The petition is set to be delivered to state lawmakers in a couple of months.

In the meantime, supporters of the proposal are asking people to show their support for the measure by visiting the Facebook page On a Mission for Monica.

 

Posted November 21, 2012:  A woman's murder over this past weekend sparks both hurt and strength from victims of domestic violence.

Court records show Monica Webb of Joplin was fearful of her estranged husband, Rondias.  Monica put a restraining order against Rondias.

Now police say Rondias murdered Monica then attempted to take his own life.

Monica Webb seemed to do things right, which is why her murder brings heartache to others in similar situations.

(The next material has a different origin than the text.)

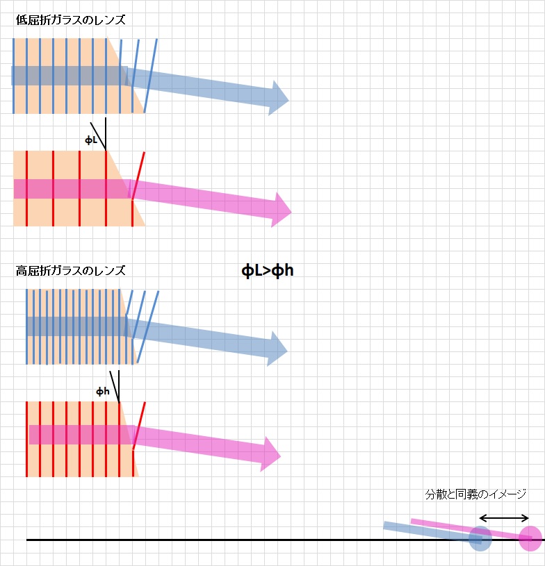 同じ屈折率で違う分散のガラスの違いのイメージがわきません。

We talked with victims of domestic abuse who say they are emotionally connected to this crime.  We are not releasing their identities.

One abuse victim says "it could've been anybody, you know.  She tried to get help that she needed, and it didn't help."

Restraining orders can be issued 24 hours a day by calling police.

"It's one step that they can take to add to their safety," says Linneh Hanshaw of Lafayette House.

Police say Rondias violated Monica's restraining order in November.  Then, on Saturday, a friend drove up to Monica's house.

Police say Monica stuck her head out her apartment door.  The friend says she saw Rondias who was waiting outside force himself inside.

The friend heard Monica say, "no Ron, please."

Monica was later found by police with three gunshot wounds to the head and later died.

Rondias was found with a single gunshot wound under his chin.

Police say it was a murder and attempted suicide.

Workers Lafayette House, an organization that helps abused men and women, say it's important for people to know getting a restraining order against someone is a critical first step.

But it doesn't end there.

"When they're leaving is a dangerous time and so it can escalate," says Hanshaw.

It's also important for friends to care for each other and pay attention to warning signs.

"Threatening looks, using the children against her, threatening to call the law, isolation, things like that, and the stuff that doesn't happen overnight," says Hanshaw.

The Lafayette House shelters abused men or women with or without children, before, during or after a restraining order.

Relocation services are also offered.

"If he comes back, I can always call," an abuse victim tells us.  "You'll be an outpatient.  Usually after you get out you'll be an outpatient."

More than anything, Lafayette House offers support and continued vigilance that brings safety.

Those on the road to recovery say Monica's death brings hurt but also serves as a reminder to stay strong.